Startpagina Actueel

220 KLJ’s vertrekken deze zomer op kamp

Deze zomer gaan er maar liefst 220 KLJ-afdelingen op kamp. Daarmee bezorgen ze duizenden kinderen en jongeren een ontspannende vakantie. Sommige afdelingen overnachten zelfs bij een boer en gaan daarmee terug naar hun landelijke roots.

Leestijd : 2 min

Vanaf 1 juli vertrekken er traditiegetrouw duizenden jongeren op kamp met een jeugdbeweging of jongerenorganisatie. Ook bij de Katholieke Landelijke Jeugd (KLJ) gaan er, verspreid over juli en augustus, maar liefst 220 lokale afdelingen op kamp. “Die kampen heb je in alle soorten en maten”, vertelt Lot De Kimpe, nationaal voorzitter van KLJ. “Zo gaan er 106 afdelingen op kamp in een gebouw, 24 gaan op tentenkamp en 90 afdelingen kiezen voor een combinatie van tenten en gebouwen.
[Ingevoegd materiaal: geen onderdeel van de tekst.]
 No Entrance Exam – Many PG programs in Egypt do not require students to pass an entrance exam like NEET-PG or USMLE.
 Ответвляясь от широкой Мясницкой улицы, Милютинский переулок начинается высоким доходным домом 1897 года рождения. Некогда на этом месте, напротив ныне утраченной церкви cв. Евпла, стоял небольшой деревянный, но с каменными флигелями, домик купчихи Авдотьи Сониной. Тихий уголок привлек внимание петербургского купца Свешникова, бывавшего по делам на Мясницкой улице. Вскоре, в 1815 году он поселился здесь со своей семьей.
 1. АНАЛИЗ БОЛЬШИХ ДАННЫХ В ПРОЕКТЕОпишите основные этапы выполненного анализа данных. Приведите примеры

Vaak overnachten de oudere leeftijdsgroepen dan in de tenten en de kleintjes in de gebouwen.”

Op kamp bij een boer

Sommige KLJ-afdelingen gaan ook op kamp bij een boer. “Twee jaar geleden moesten jeugdbewegingen last-minute op zoek naar een nieuwe kampplaats. Dat kwam door de varkenspest in sommige delen van Wallonië. Ook vorig jaar was er door de coronacrisis een grotere vraag naar nieuwe kampplaatsen”, vertelt De Kimpe. “Enkele landbouwers sprongen toen op de kar en stelden hun velden ter beschikking van de jeugdbewegingen. We zien nu dat enkele boeren structureel hun weides aanbieden en daar zijn wij enorm dankbaar voor.”
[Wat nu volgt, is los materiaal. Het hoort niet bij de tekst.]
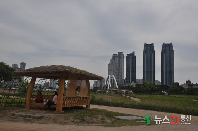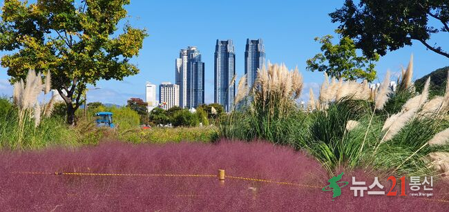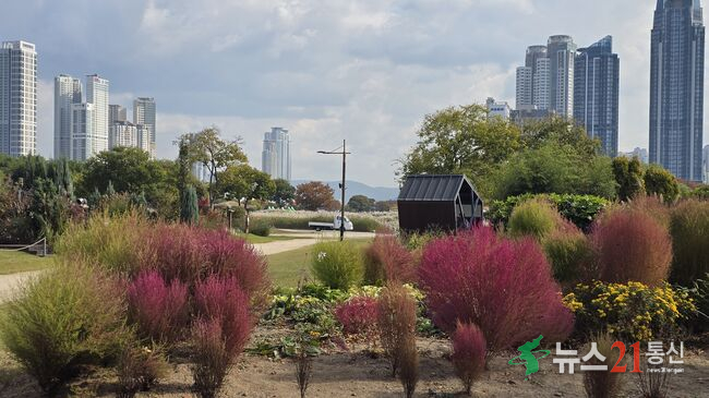 노을이 내려앉는 시간, 정원은 황금빛 억새와 잔잔한 강물, 붉은 하늘이 어우러져 한 폭의 수채화를 연출한다. 산책을 즐기던 시민들은 발걸음을 멈추고 카메라 초점을 맞추며 초겨울의 정취를 기록했다.

Waar het kamp ook plaatsvindt, alle kampen moeten toch nog rekening houden met enkele coronamaatregelen. Zo moeten de groepen bijvoorbeeld opgedeeld worden in bubbels van maximaal 100 personen. “Onze KLJ-afdelingen zijn goed voorbereid en geïnformeerd”, zegt De Kimpe. “We zien dat ze enorm veel zin hebben in de kampen, want het aantal kampen is even hoog als het aantal van voor de coronacrisis.”